FIG. 15 is a diagram showing a calculated linear regression line for a soil sample 187.

FIGS. 16a and b show a direct assay curve and a direct assay standard curve.

 ──────────────────────────────────────────────────続 き Continuing on the front page (72) Inventor Ellen Sharq Casal, Bluestone Mills Circle, Ashburn, Virginia, USA, 20147 43988 (72) Inventor Stanley Stephen Stabinski, 18969, Tell, Pennsylvania, USA Ford, Rising Sun Road 729 (72) Inventor Shagang Wu, Mallard Drive East, North Wales, 19454, Pennsylvania, USA 252

Claims (17)

[Claims] 1. The following formula bonded to a carrier material: Wherein R, R ¹ , R ² , R ³ and R ⁴ are each independently hydrogen, (C ₁ -C ₆ ) alkyl and substituted (C ₁ -C ₆ )
Alkyl, (C ₂ -C ₆ ) alkenyl and substituted (C ₂ -C ₆ )
C ₆ ) alkenyl, (C ₁ -C ₆ ) alkoxy, (C ₁ -C
₆ ) An immunogen comprising a compound of the formulas which are alkyloxy and halide. 2. The method according to claim 1, wherein the carrier material is a protein, a polysaccharide,
The immunogen of claim 1, wherein the immunogen is selected from the group consisting of a synthetic polymer or copolymer. 3. The immunogen according to claim 1, wherein R is —COOH, R ¹ and R ² are methyl, and R ³ and R ⁴ are hydrogen. 4. R is --CH ₃ COOH, R ¹ and R
² is methyl, immunogen of claim 1 R ³ and R ⁴ are hydrogen. 5. An antibody produced against the immunogen of claim 1. 6. An antibody produced against the immunogen of claim 3. 7. An antibody produced against the immunogen of claim 4. 8. The following steps: (A) providing a sample containing an unknown amount of diacylhydrazine; (B) providing the sample with a binding affinity for a diacylhydrazine antigen in the presence of an immobilized diacylhydrazine antigen.
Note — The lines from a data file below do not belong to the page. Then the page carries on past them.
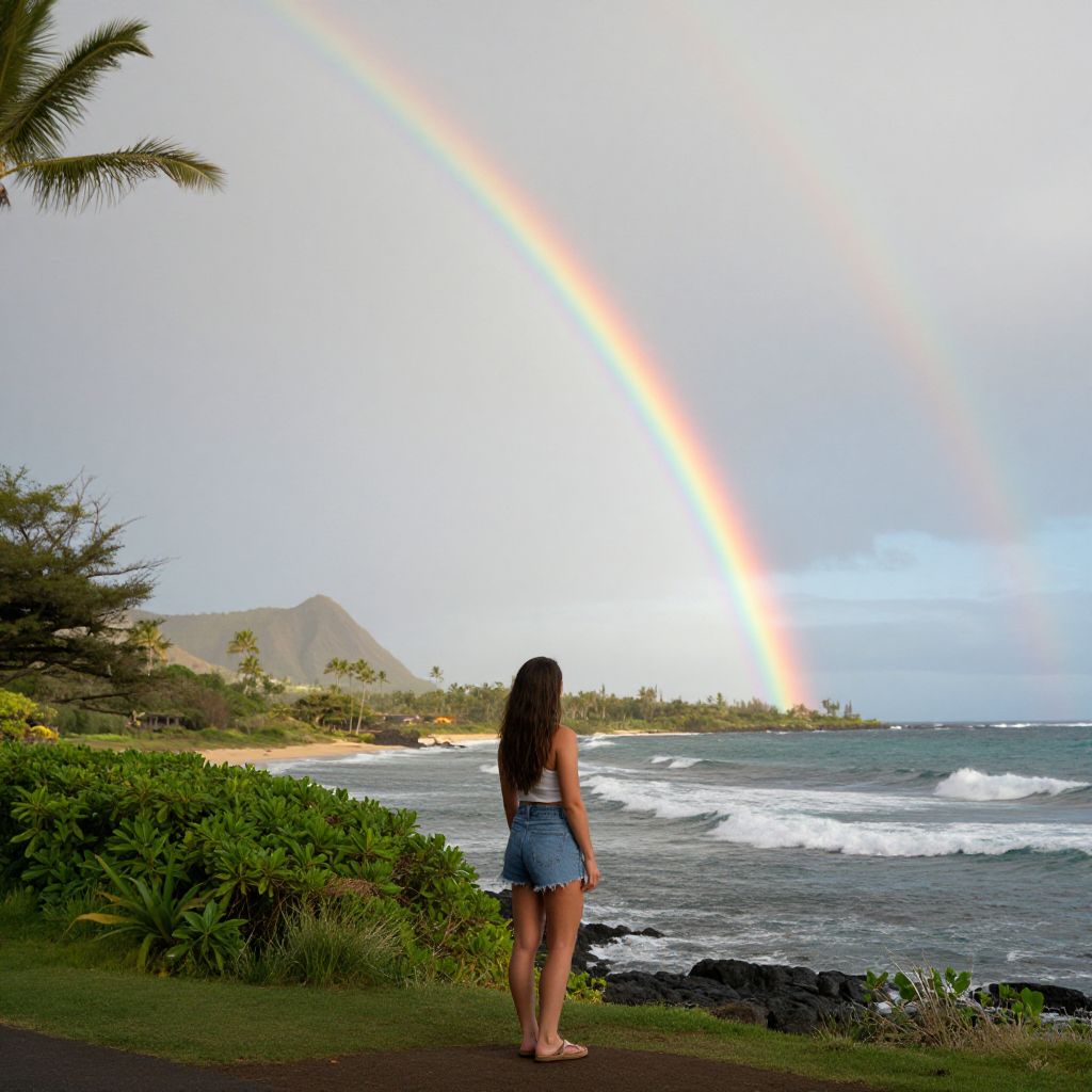 Woman standing by the ocean, gazing at a vibrant rainbow arching across the sky in Maui, Hawaii, with lush greenery and distant mountains framing the serene seascape.
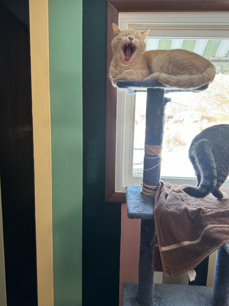 Pride update (meow): At the time of you reading this, Gray has finished her medicine! Not many sightings of the new gentlemen tomcats by the house. Max stepped in some paint and we managed to keep his foot from hitting any of the rugs while we walked behind him and wiped up his footprint. Otherwise, all is quiet on the feline front, which is just how we like it.
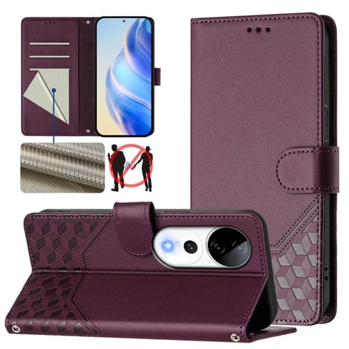 Funda de Cuero Rfid con Relieve En Panal para Vivo S19 Pro (Violeta)

Contacting with the antibody to form a bound and unbound antibody-antigen complex; (C) unbound antibody-antigen complex is bound antibody-
(D) labeling the bound antibody complex with a detectable label; (E) causing a measurable change in the label; (F) measuring diacylhydrazine in the sample; , Diacylhydrazine or a derivative thereof. 9. The method of claim 8, wherein the detectable label is selected from enzymes, colored dyes, fluorescent materials, chemiluminescent materials, bioluminescent materials, and radioisotopes. 10. The method according to claim 8, wherein the detectable label is an enzyme-antibody complex capable of binding to the antibody. 11. The following steps: (A) providing a sample comprising an unknown amount of diacylhydrazine; (B) contacting the sample with an immobilized antibody having a binding affinity for a diacylhydrazine antigen, (C) contacting the diacylhydrazine antigen labeled with a detectable label with the uncomplexed immobilized antibody to form a labeled antibody-antigen complex; (D) in the label (E) measuring diacylhydrazine in a sample; a method for measuring diacylhydrazine or a derivative thereof, which comprises the step of: 12. The detectable label is an enzyme, a colored dye,
12. The method according to claim 11, wherein the method is selected from fluorescent materials, chemiluminescent materials, bioluminescent materials and radioisotopes. 13. The method according to claim 11, wherein the label is an enzyme-antigen complex capable of binding to the antibody. 14. The following components: (A) an antibody having a binding affinity for diacylhydrazine; (B) a label capable of binding to the antibody; and (C) producing a measurable change in the presence of the label. A kit for measuring diacylhydrazine, comprising: 15. The kit according to claim 14, further comprising a diacylhydrazine antigen. 16. The kit according to claim 14, wherein the label is an enzyme bound to an antibody having a binding affinity for the antibody. 17. The kit according to claim 14, wherein the label is an enzyme bound to a diacylhydrazine antigen having a binding affinity for an antibody.